One of the things I most enjoy about Viva Las Vegas is that Elvis’s leading lady is a true equal on screen. In many of the post-Army musicals, he’s paired with some forgettable starlet whose part is just to be there for Elvis to sing to and kiss. Not so with Ann-Margret. She gets as much screen time as he does, sings and dances, and is nearly as mesmerizing to watch as Elvis himself. And when they’re on screen together, it’s truly electric.
Girl Happy (1965)
Elvis’s leading lady in Girl Happy may not have quite the magnetism of Ann-Margret (who does?), but Shelley Fabares is another strong co-star for Presley. They have a great rapport in this light-as-air comedy about a singer sent to Fort Lauderdale during Spring Break to secretly keep an eye on a mobster’s college student daughter. It’s amusing and fun, with some catchy tunes and a believable, sweet romance.
Live a Little, Love a Little (1968)
This movie is nuts! It’s a sexy screwball comedy with a little 1960s psychedelia thrown in for good measure. The film was made the same year Elvis made his famous “Comeback Special” on TV, and he never looked more beautiful – lean, tanned, with chiseled cheekbones and jet black hair and sideburns. He’s breathtaking, really – prettier than any woman.
This movie features a couple of good songs, including “A Little Less Conversation.” This scene is just groovy.
Change of Habit (1970)
For some reason Change of Habit seems to be one of the most derided Elvis Presley movies, but when I watched it I was puzzled as to why. It’s not a perfect movie by any means, but I chalk that up more to the time period than anything. Some of the attitudes toward life in the ghetto and medical treatment are strange to modern eyes, but the movie is quite entertaining and Elvis himself is lovely. He brought such warmth and kindness to the role.
He looks wonderful, too — ‘68 to ‘70 were good years for Elvis, looks-wise. Plus, that movie gave us “Rubberneckin’” – an excellently funky, if cheesy, song.
Those are just the cream of the crop of the movies I’ve seen so far. There were others I enjoyed but don’t consider favorites (G.I. Blues, It Happened at the World’s Fair, Fun in Acapulco, Girls! Girls! Girls!) and a few others I didn’t like much at all (Roustabout, Tickle Me), but for the most part I’ve enjoyed what I’ve seen. And I still have Love Me Tender, Kid Galahad, Flaming Star, Charro and others to look forward to.
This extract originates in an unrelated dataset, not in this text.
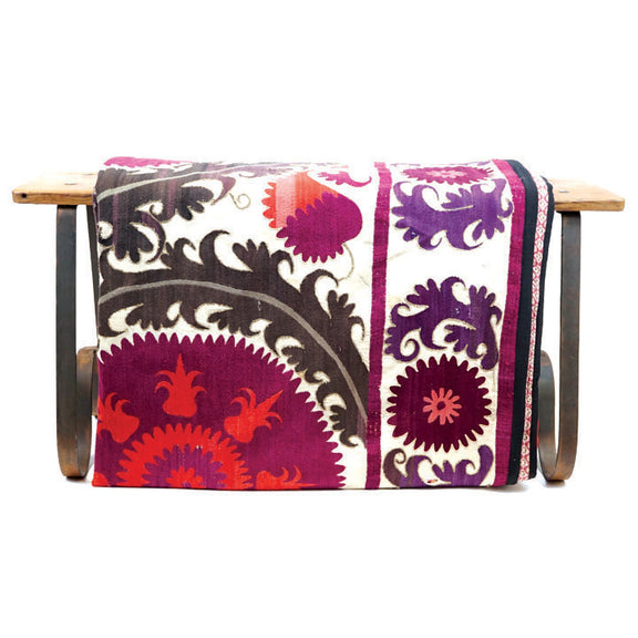 Suzani, named after the Persian word for “needle”—were used as bedcovers, prayer mats, rugs in yurts, and blankets to wrap goods for moving. For centuries, women stitched together long strips of cotton and embellished them to form blanket-sized panels that became the workhorses of nomadic households in Tajikistan, Uzbekistan, Kazakhstan, and other Central Asian countries.

I guess my point is that if a film career included 31 pictures in only 13 years and at least half of them are entertaining and, in a few cases, genuinely good, how can that be deemed a failure? And if an actor successfully played drama and comedy, and brought something interesting, worthwhile and arresting to even the silliest, fluffiest movie, how can he be labeled a bad actor? I just don’t buy it. Sure, Elvis could have made better quality, less formulaic films, and I often wish he had, but writing off his whole Hollywood career is ridiculous.
Anyway, 99% of the time I’d rather watch something happy like Viva Las Vegas or Blue Hawaii than a deep ’50s drama directed by Elia Kazan. There are only so many times you can see Brando get beaten up in On the Waterfront before you want to kill yourself, whereas I could watch this next scene every day and be glad about it.
So put that in your pipe and smoke it, haters! Just kidding. I do feel a little bit protective about Elvis these days, though. He brings out the mother hen in women, that’s just a fact.